Our new study reveals that our immune system does more than defend against viruses. In certain cases, it induces mutations within viruses that make them easier to recognize later on. The findings have been published in Nature Communications.
During the COVID-19 pandemic, an unprecedented amount of genetic data became available on the SARS-CoV-2 virus, allowing researchers to analyse in exceptional detail how the pathogen changed over time. The study shows that a substantial portion of mutations in the viral genome are not random errors or viral strategies, but are instead caused by the human body’s own APOBEC enzymes.
These enzymes are part of the early, non-specific immune response, and they can chemically modify the genetic material of viruses.

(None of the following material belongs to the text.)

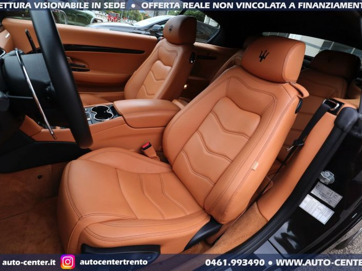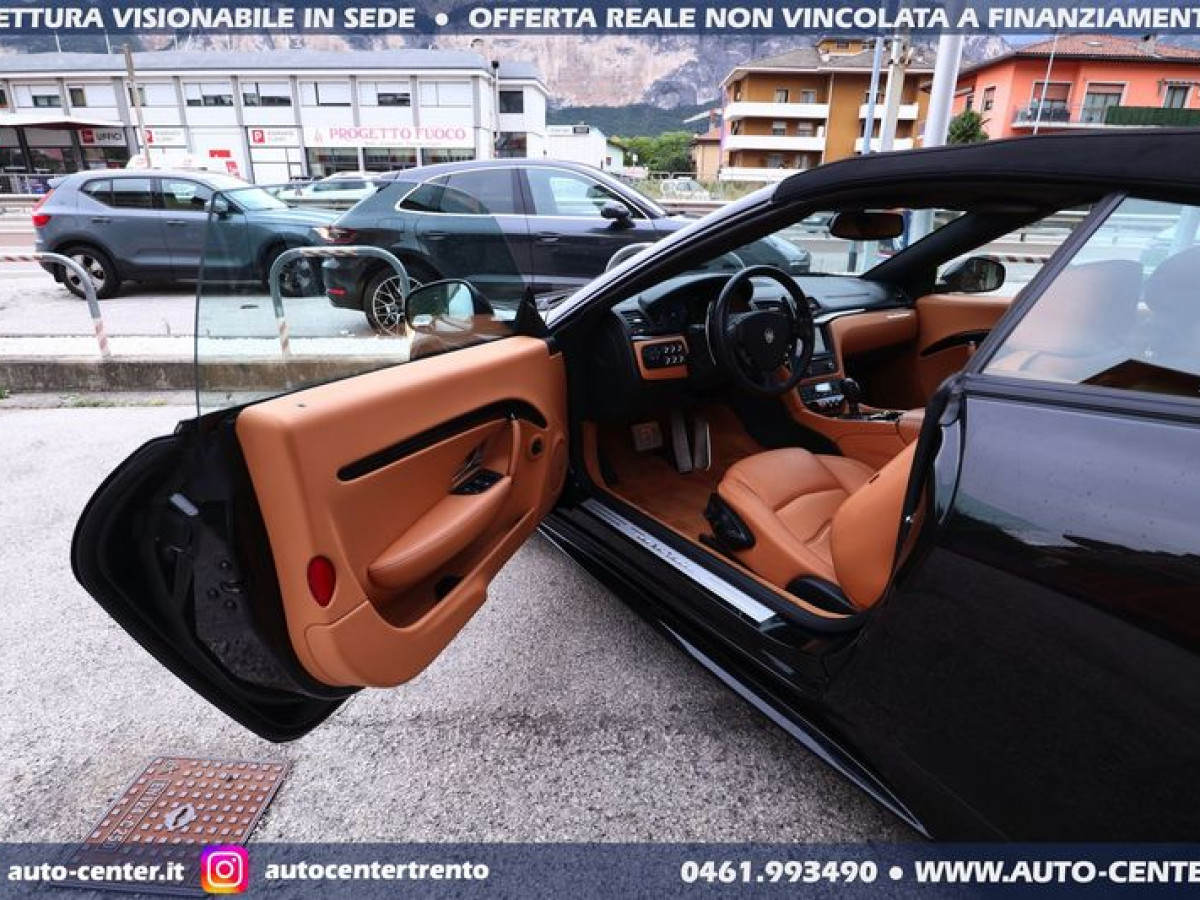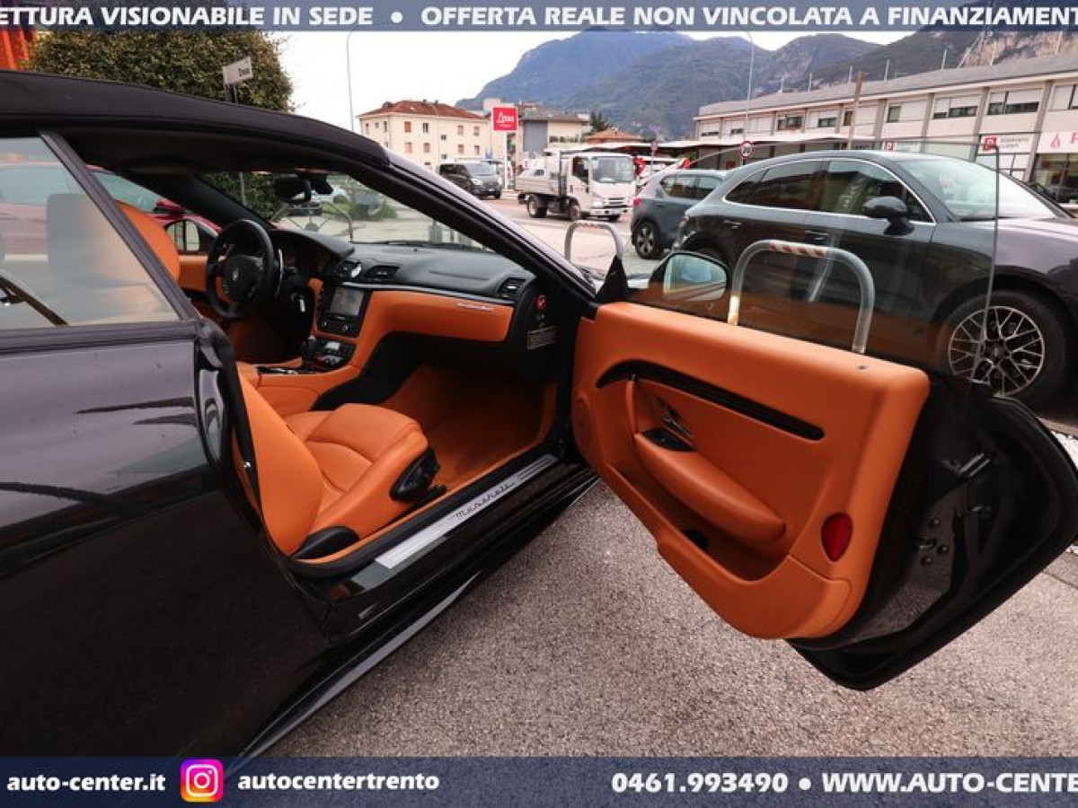 DEK:[[phoneNum:MTAxODU1MTQ=]] DIAMO PRECEDENZA ALLE RICHIESTE COMPLETE DI RECAPITO TELEFONICO Siamo organizzati per trattativa ed acquisto A DISTANZA. Ci potete contattare compilando l\'apposito modulo, via mail, oppure telefonicamente: -- SALONE VENDITE 0461-993490 -- SIMONE [phoneNum:MzQwNjI5Mzc0MA==] -- LUCA [phoneNum:MzQ3NTQ5MDY3MA==] -- Usato di importazione europea in ottime condizioni in pronta consegna. Cronologia Service: 08/2012 preconsegna 06/2014 con 19.115 km 06/2015 con 25.074 km 06/2017 con 36.309 km 07/2019 con 43.447 km 08/2021 con 49.647 km 08/2022 con 50.968 km Ultima revisione: 04/2023 con 51.080 km POSSIBILITA\' FINANZIAMENTO • Riferimento GC-554 • Prima Immatricolazione 08/2012 • Chilometraggio 51.735 KM CERTIFICATI • Garanzia 12 Mesi • Passaggio / IPT non compreso nel prezzo • Valutiamo permute anche di valore superiore (se di nostro interesse) • NON ritiriamo Moto e Auto d’epoca; NON accettiamo offerte al ribasso • PRONTA CONSEGNA IN SEDE A TRENTO • Visionabile da Lunedì a Sabato (Sabato aperti dalle 9.00 alle 13.00) • È gradito l’APPUNTAMENTO MASERATI GRANCABRIO SPORT 4.7 V8 AUT 450CV EURO5 COLORE ESTERNO Nero metallizzato INTERNI Pelle Beige cuciture Nere ALLESTIMENTO INCLUSO • 2 porte • 4 posti • Antifurto • Bluetooth • BOSE sound system • Cambio automatico a 6 marce • Capote elettrica nera • Cerchi in lega • Climatizzatore automatico bi-zona • Cruise control • Disattivazione airbag passeggero • Fari Bi-Xeno adattivi • Fendinebbia • Frangivento • Logo Tridente cucito nei poggiatesta frontali e posteriori • Navigatore satellitare • Pinze freno colorate di Rosso • Retrovisori ripiegabili elettricamente • Sedili anteriori reg. elettricamente • Sensori anteriori posteriori di parcheggio • Telo copri-vettura • Volante regolabile elettricamente Nelle richieste prego specificare PROVINCIA DI RESIDENZA e descrizione dell\'eventuale permuta Questa scheda è compilata con precisione e trasparenza ma non costituisce un impegno contrattuale. Ogni particolare viene verificato e concordato in fase di definizione del contratto. Gli equipaggiamenti di serie possono variare in base alla configurazione finale della vettura e secondo optional extra presenti. I prezzi esposti si intendono IVA inclusa, IPT ESCLUSA PERCHE\' SCEGLIERE UN\'OFFERTA ONLINE AUTO-CENTER • (1) Pubblichiamo solo le MIGLIORI AUTO che acquistiamo o ritiriamo • (2) Le auto sono tutte di NOSTRA PROPRIETA\' • (3) Possibilità di servizio CONSEGNA A DOMICILIO • (4) Ritiriamo usato in PERMUTA (anche di valore superiore) • (5) Assistenza per applicazione LEGGE 104 • (6) Puoi effettuare manutenzioni, tagliandi e interventi in GARANZIA nella tua zona di residenza. Grazie a questo vendiamo IN TUTTA ITALIA • (7) Offriamo FINANZIAMENTI (o LEASING) classici o con maxirata finale, anche con anticipo ridotto (su alcune vetture è possibile anche ZERO ANTICIPO e durata fino ad 84 mesi) •

According to our results, the mutations they introduce do not typically weaken immune recognition — in fact, they often enhance it. They generate changes in viral proteins that are more easily detected by HLA molecules, the immune system’s key antigen-presenting components that reveal hidden, infected cells to T-cells.

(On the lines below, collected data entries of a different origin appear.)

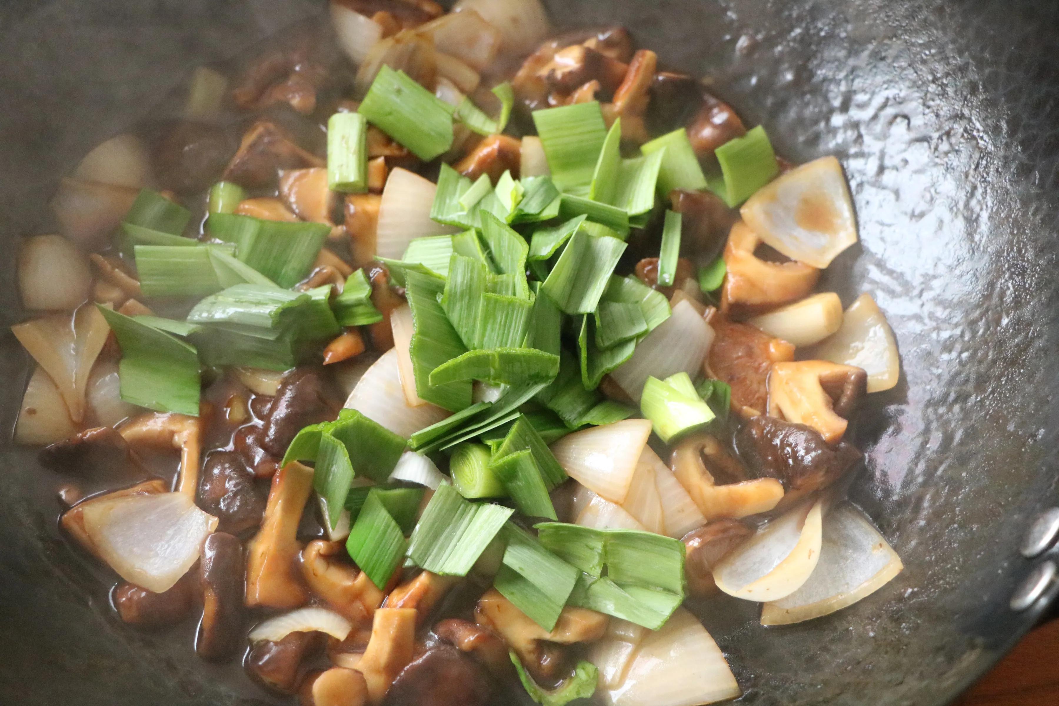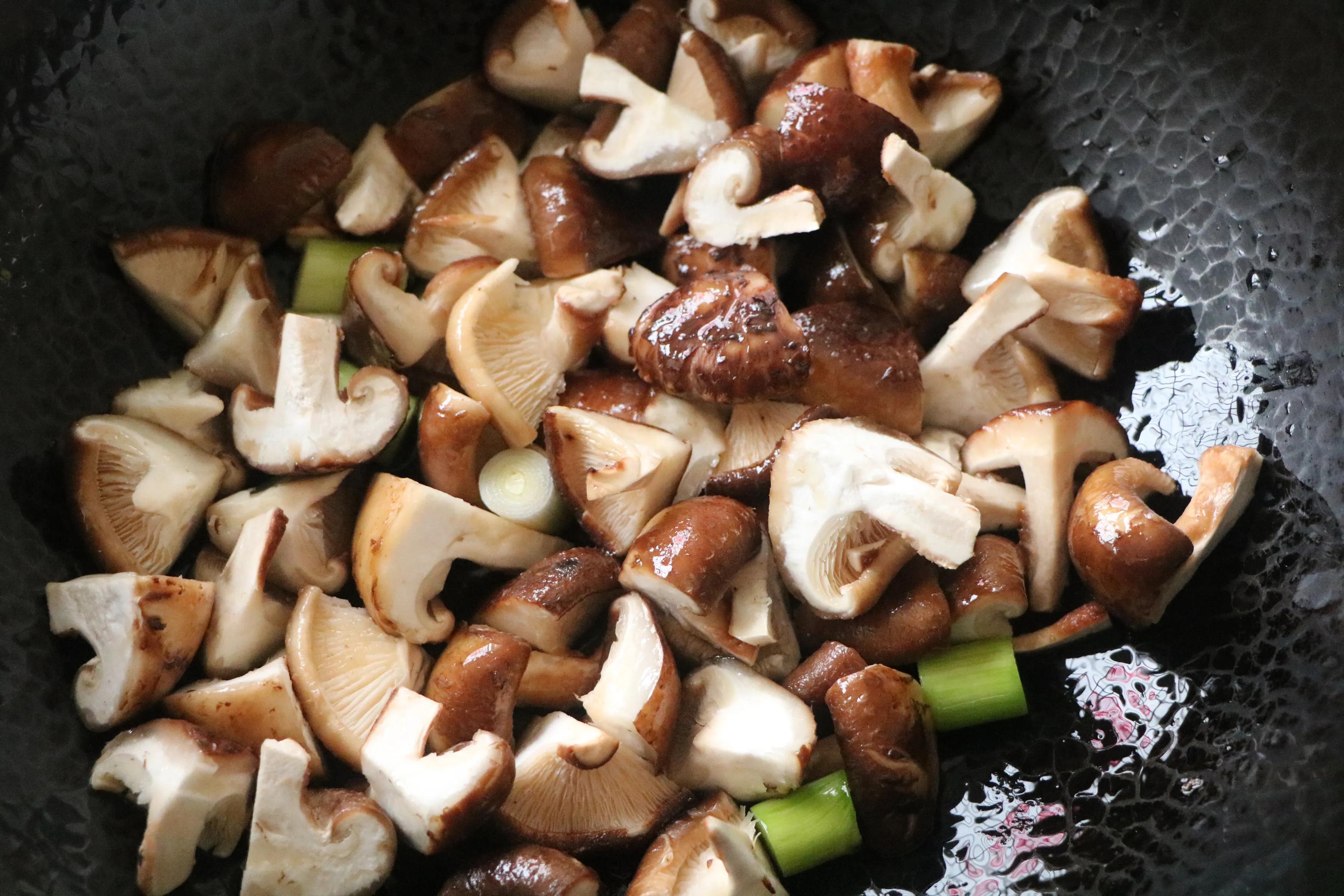 6、锅中热油,把蒜苗的根部加进去炒出香味,再把香菇也加进去翻炒至香菇变软;期间可以加些清水进去翻炒;
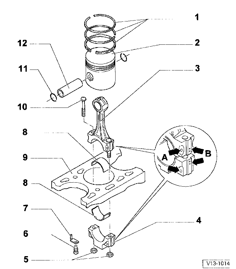 ^ If difficult to remove, heat piston to 60°C (140°F) Remove and install using VW 222a
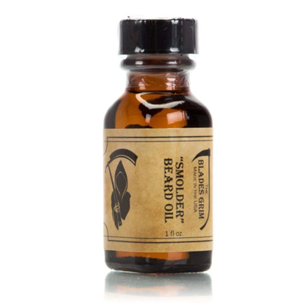 A 2 Pack of The Blades Grim – Beard Oil Scents: Smolder and Cinder each are 1 fluid oz (total of 2 fluid oz). Enjoy a luxurious beard oil with our Blades Grim Shaving Smolder and Cinder Beard Oil. This beard oil will help keep your beard healthy giving it a great shine, texture and smell. This specially crafted beard oil not only treats your beard but the skin underneath. This is the measure of a great beard oil (how well it cares for your skin as well). Just like the hair on your head, in order for healthy hair you need to treat the skin and hair follicle’s.
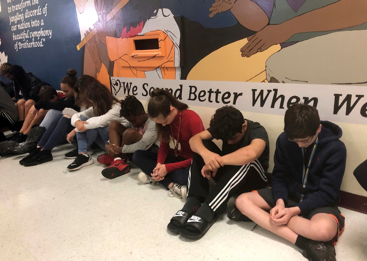 Students at Seminole Middle School in Plantation, Fla., participate in a moment of silence for the 14 students and three staff members killed one year ago at nearby Marjory Stoneman Douglas High School.
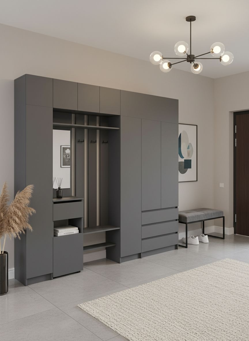 Просторная и светлая прихожая Бали создаст приятное первое впечатление при входе в квартиру. Здесь достаточно места для хранения верхней одежды, обуви и аксессуаров — предусмотрены шкафы и удобные полки. Прихожая в цвете «графит» подойдёт под любой стиль интерьера, а качественные материалы обеспечивают долговечность и лёгкость в уходе. Это пространство идеально подойдёт для тех, кто ценит чистоту, порядок и функциональность с первых шагов в доме.

We analysed thousands of SARS-CoV-2 protein variants and found that APOBEC-associated mutations lead to better HLA binding and stronger T-cell activation — ultimately improving the effectiveness of the immune response.
The phenomenon is not limited to the coronavirus: similar APOBEC-driven patterns have been observed in other viruses as well. As HLA types vary significantly among individuals, the findings may also open new avenues in personalized medicine.